**PROVIDED MATERIAL**
━━━━━━━━

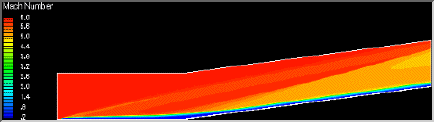 Figure 1 shows the Mach contours for a compression corner flow. The boundary layer at the leading edge of the plate causes a weak shock wave to form. The boundary layer and recirculation zone at the corner of the plate and wedge can also be seen in the Figure. Finally, the shock wave formed at the corner is also visible.
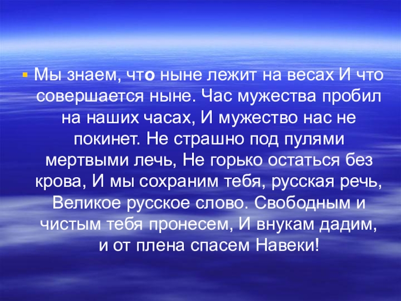 Час мужества пробил на наших часах, И мужество нас не покинет. Не страшно под пулями мертвыми лечь, Не горько остаться без крова, И мы сохраним тебя, русская речь, Великое русское слово. Свободным и чистым тебя пронесем, И внукам дадим, и от плена спасем Навеки!
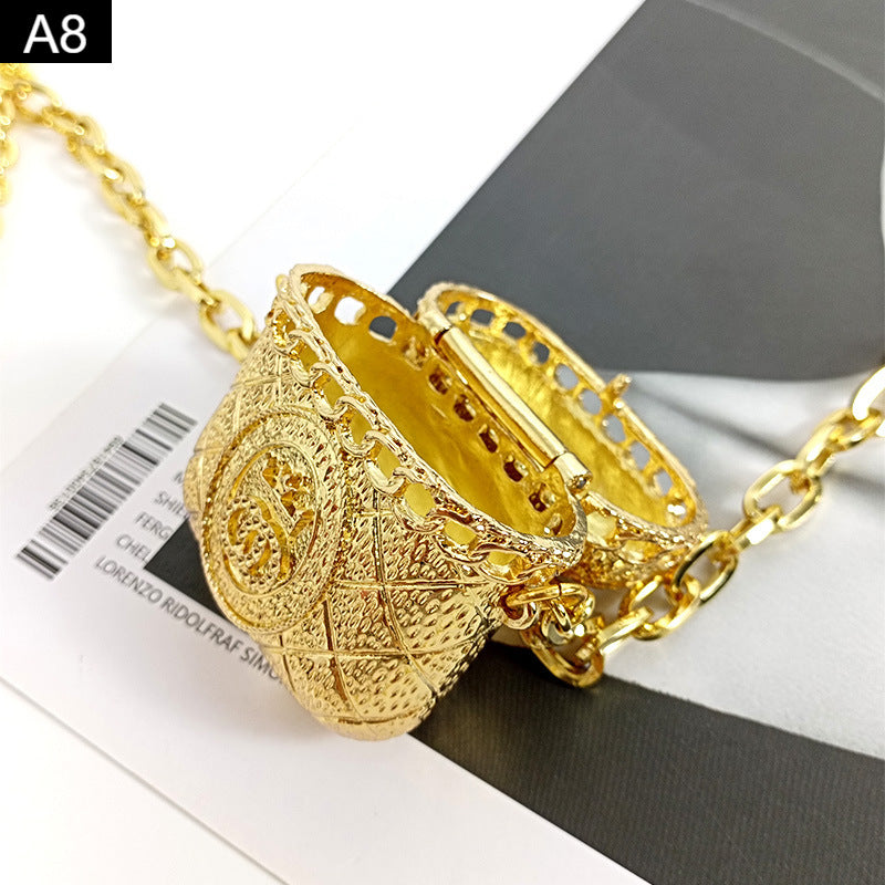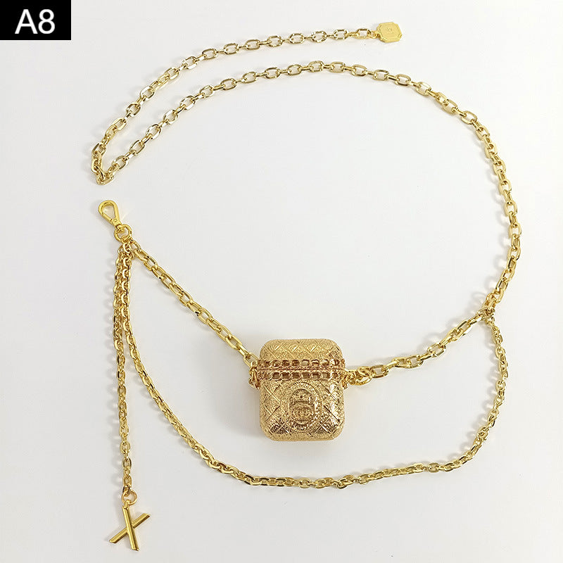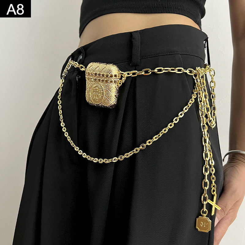 A statement making gold chain waist belt that instantly elevates any look. This accessory features a textured, ornate mini case perfect for airpods and a cascading layered chain with a bold logo charm, blending high-fashion style with street smart utility.

━━━━━━━━

**WHAT YOU SHOULD DO**
The answer is the whole listing above, written out verbatim, without its pictures.

**SOLUTION TO THIS PROBLEM**
 Figure 1 shows the Mach contours for a compression corner flow. The boundary layer at the leading edge of the plate causes a weak shock wave to form. The boundary layer and recirculation zone at the corner of the plate and wedge can also be seen in the Figure. Finally, the shock wave formed at the corner is also visible.
 Час мужества пробил на наших часах, И мужество нас не покинет. Не страшно под пулями мертвыми лечь, Не горько остаться без крова, И мы сохраним тебя, русская речь, Великое русское слово. Свободным и чистым тебя пронесем, И внукам дадим, и от плена спасем Навеки!
 A statement making gold chain waist belt that instantly elevates any look. This accessory features a textured, ornate mini case perfect for airpods and a cascading layered chain with a bold logo charm, blending high-fashion style with street smart utility.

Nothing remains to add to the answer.